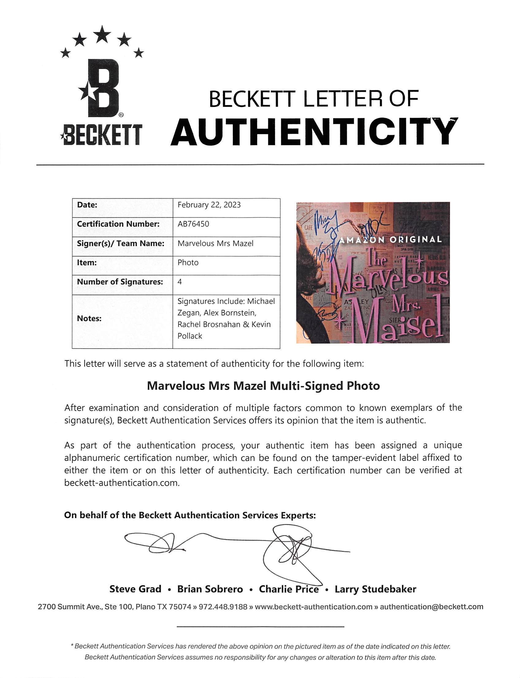 This Autographed 12x18 Photo has been Personally Signed by Michael Zegan, Alex Bornstein, Rachel Brosnahan & Kevin Pollack of The Marvelous Mrs. Maisel. This item is 100% Authentic to include a Certificate of Authenticity (COA) / hologram by Beckett Authentication Services. The authenticity can be verified on Beckett Authentication Services website.
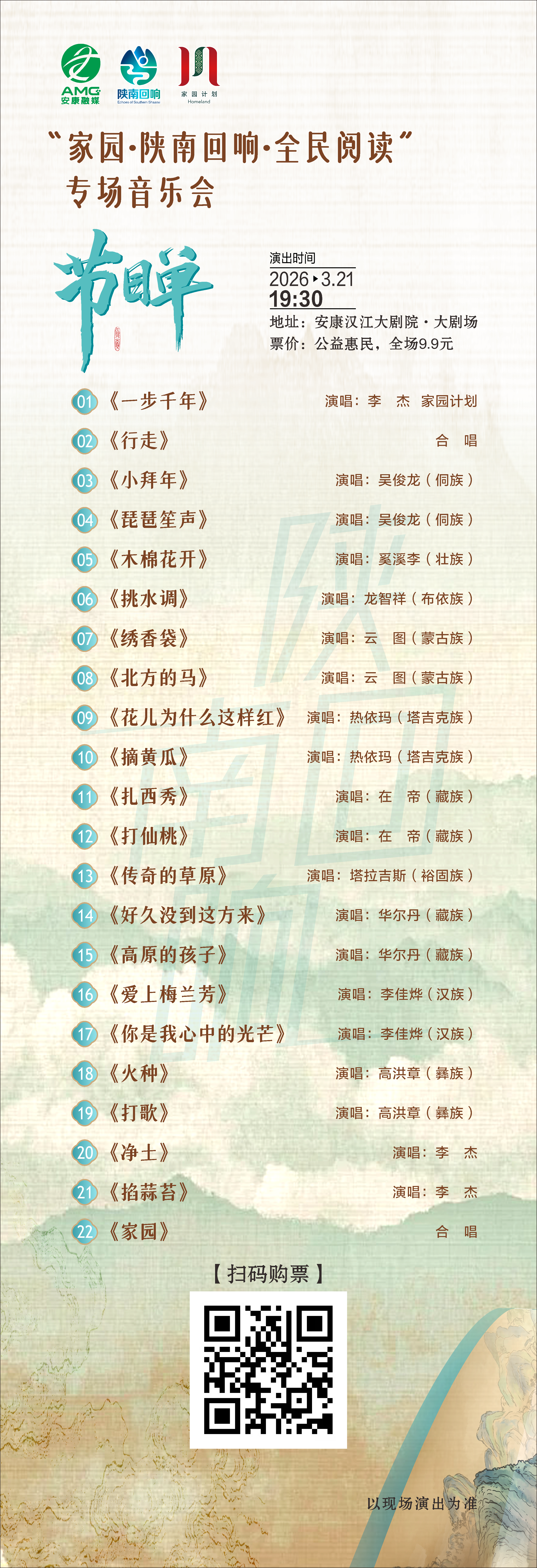今年2月1日,《全民閱讀促進(jìn)條例》正式施行,標(biāo)志著全民閱讀邁入法治化、規(guī)范化的發(fā)展新階段。條例明確指出,要鼓勵(lì)開展內(nèi)容健康、展現(xiàn)文化底蘊(yùn)、形式多樣的閱讀推廣活動(dòng)。在安康,閱讀不僅是靜默的文字,更可以是躍動(dòng)的音符、流淌的旋律。3月21日(周六)19:30,一場(chǎng)別開生面的“家園·陜南回響·全民閱讀”專場(chǎng)音樂會(huì)將在安康漢江大劇院大劇場(chǎng)拉開帷幕。這場(chǎng)由著名音樂人李杰領(lǐng)銜、匯聚九大民族藝術(shù)家的視聽盛宴,邀您共赴一場(chǎng)“用歌聲閱讀大地”的詩(shī)意之約。
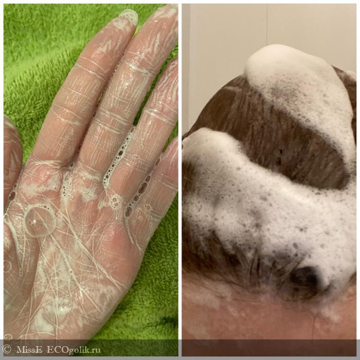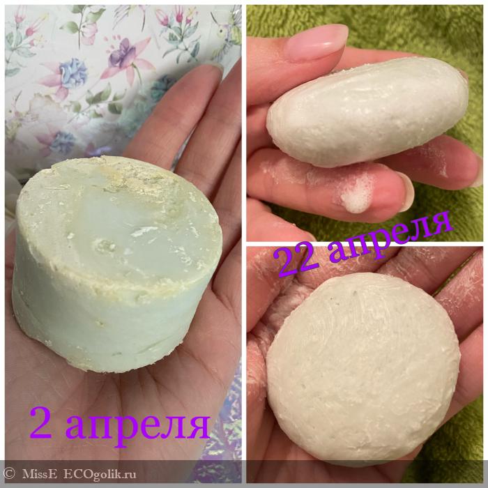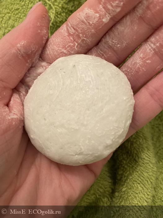 Изначально, мы имеем достаточно твёрдый брусок шампуня, который при соприкосновении с водой становится пеной, которой в свою очередь я и мою голову. Пенится шампунь легко, я стараюсь не намыливать им непосредственно волосы, а все же руками и водой делаю пенку и переношу на волосы.
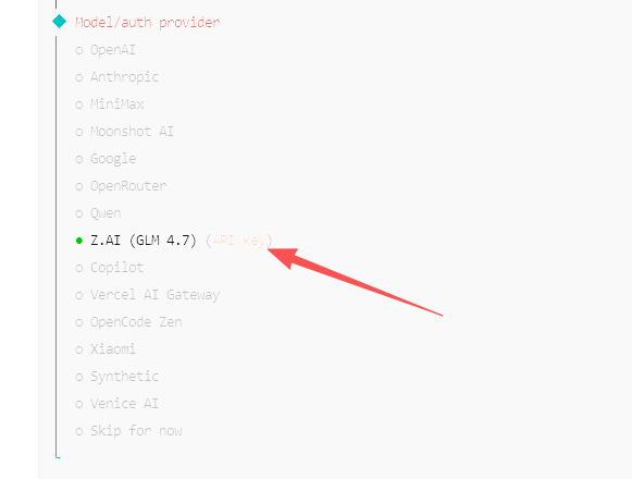 回到配置环节,我选择Z.AI(GLM 4.7)
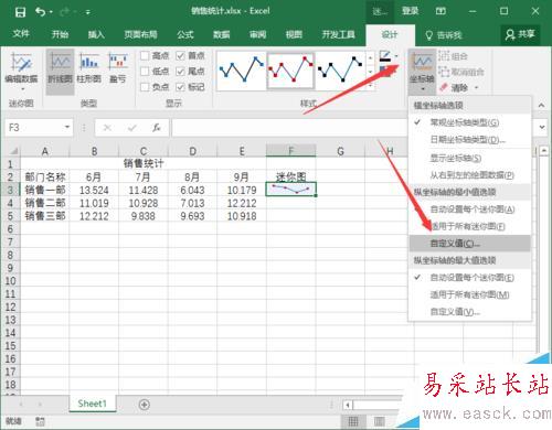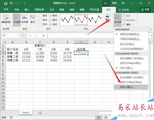 5、現在需要來修改迷你圖的坐標軸格式。接著再點擊“分組”功能區的“坐標軸”-->“縱坐標軸的最小值選項”下的“自定義值”命令選項。如圖所示;
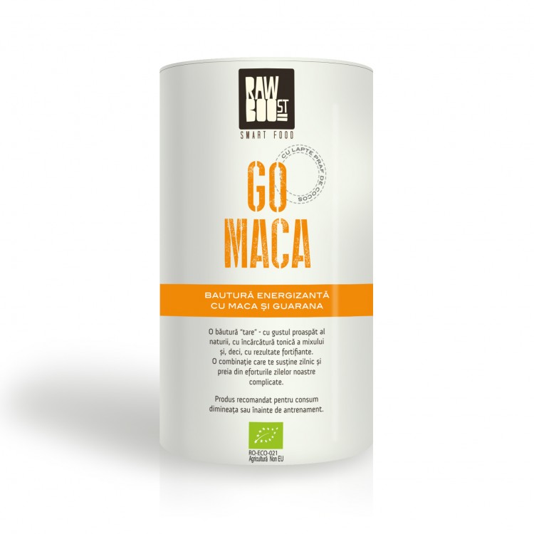 O băutură "tare", o combinație care ne susține zilnic și preia din eforturile noastre complicate. Go Maca este o băutură cu gust de ciocolată alcătuită dintr-o serie de ingrediente sănatoase, fortifiante naturale, recomandată a se consuma dimineața pentru o zi plină de energie sau înaintea antrenamentelor pentru un plus de vitalitate.
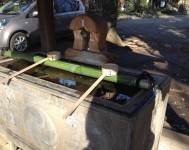 一見普通の手水舎な感じですが、とっても面白いのが、水が自動ででるところ。
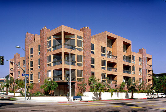 This thirty-six unit residential condominium project incorporates our hallmark diagonal floor plan unit layout. By creating triangular shaped units we are able to provide maximum exterior window area and views to every unit in the building, while maintaining a minimum vertical access interior core and common hallways. The residential units are located on three floors with two-story loft units on the third floor. Two and a half levels of subterranean structure provide for a full size swimming pool, gymnasium, spa, and parking for all of the units and their guests. The pool area was provided with a large window at grade facing south that provides natural daylight while protecting swimmers from inclement weather.
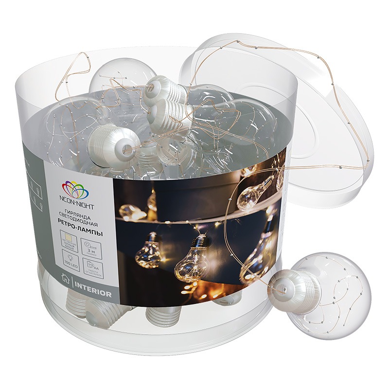 Гирлянда «Ретро-лампы» длиной 3 метра — это оригинальный световой декор, который гармонично украсит интерьер, подчеркнет уникальный вкус и креативный подход к оформлению помещений. На тонком серебристом проводе находятся 100 ярких диодов, излучающих теплый белый свет. 10 насадок, выполненных в виде классических лампочек накаливания, расположены на расстоянии 30 см друг от друга и мягко подсвечиваются диодами изнутри. Гирлянда питается от 3 батареек типа АА и имеет кнопку ON/OFF на батарейном блоке. Изделие рассчитано на использование в интерьере, в том числе и в детских комнатах благодаря абсолютной безопасности.
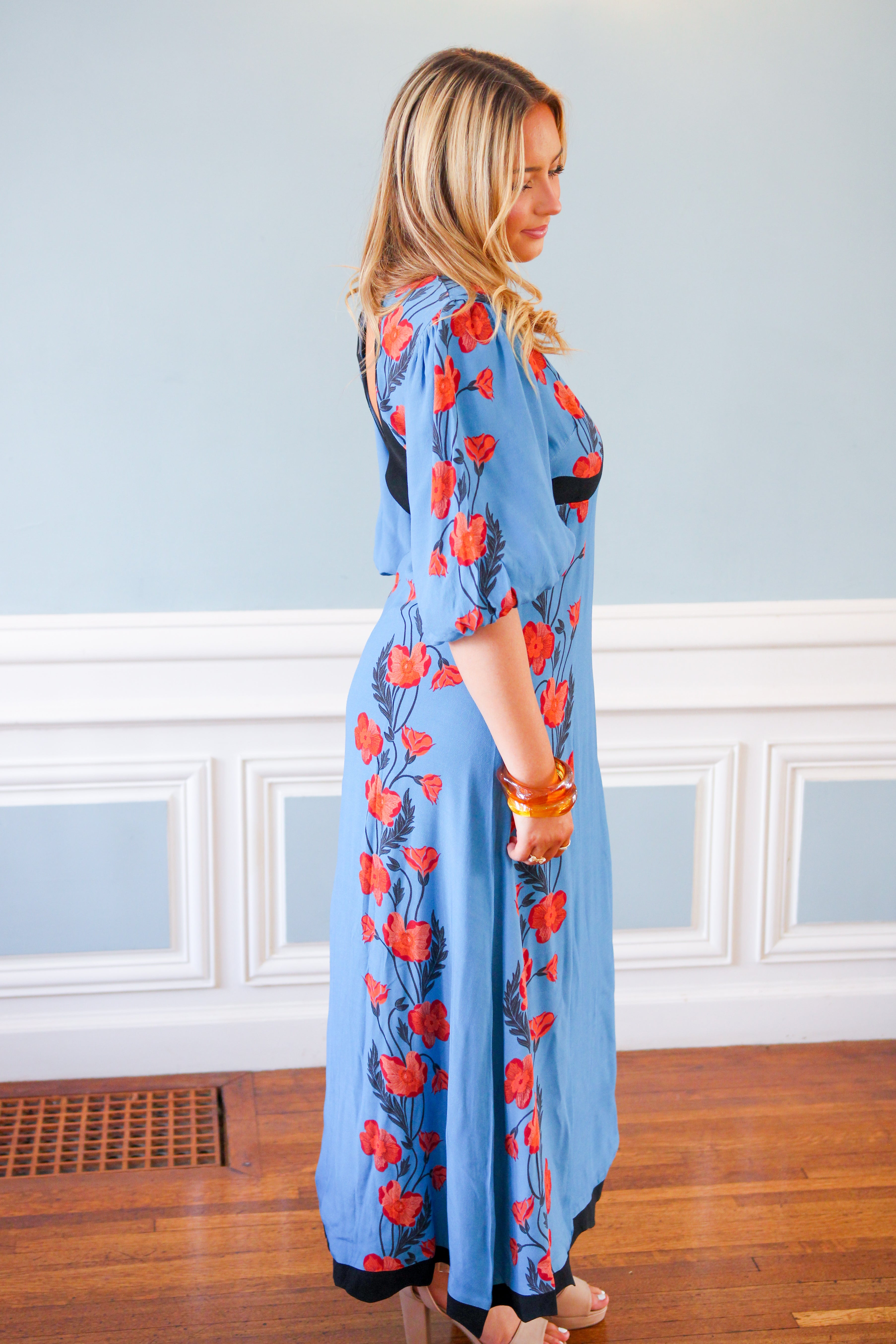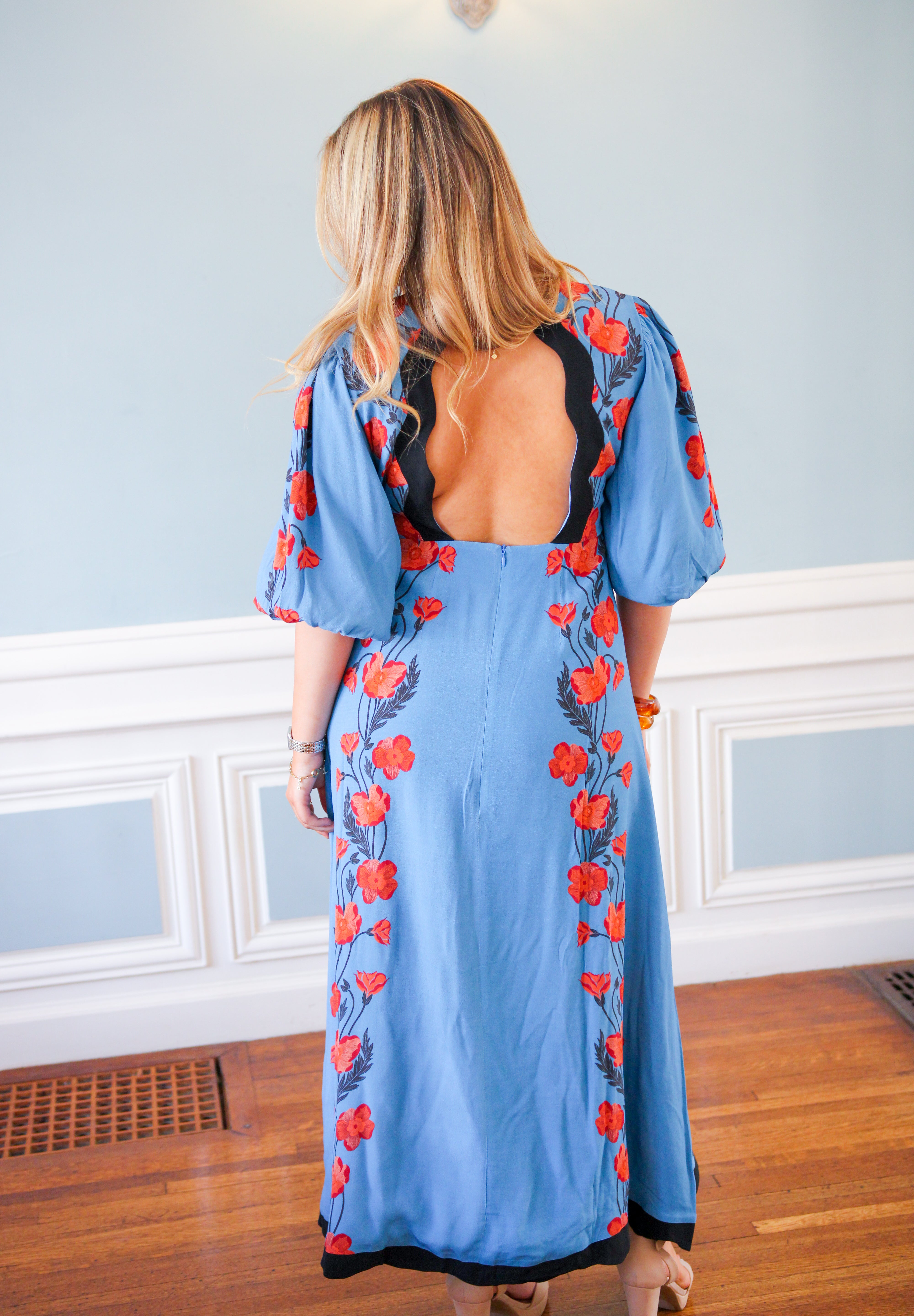 Introducing the Berlin Dress in Blushing Meadow Blume—a show-stopping piece that's equal parts elegant and enchanting. This beauty showcases a serene blue canvas adorned with delicate red florals, punctuated by a striking black wave detail that adds modern flair. The graceful A-line silhouette flows to mid-calf with effortless movement, while the daring backless design—secured with a subtle button at the nape—reveals just enough to turn heads. Perfect for wedding season, fall galas, or any occasion calling for refined sophistication with a playful twist.
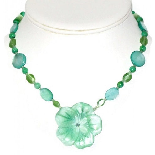 Mint and Apple Green Necklace with Mother-of-Pearl Shell Flower Pendant

* _What this task involves_
What's needed is an exact copy of the lines above from the one with "plus de vitalitate." through the one with "一見普通の手水舎な感じですが、とっても面白いのが、水が自動ででるところ。", both included; the pictures stay out.

* _Reply to the task_
 O băutură "tare", o combinație care ne susține zilnic și preia din eforturile noastre complicate. Go Maca este o băutură cu gust de ciocolată alcătuită dintr-o serie de ingrediente sănatoase, fortifiante naturale, recomandată a se consuma dimineața pentru o zi plină de energie sau înaintea antrenamentelor pentru un plus de vitalitate.
 一見普通の手水舎な感じですが、とっても面白いのが、水が自動ででるところ。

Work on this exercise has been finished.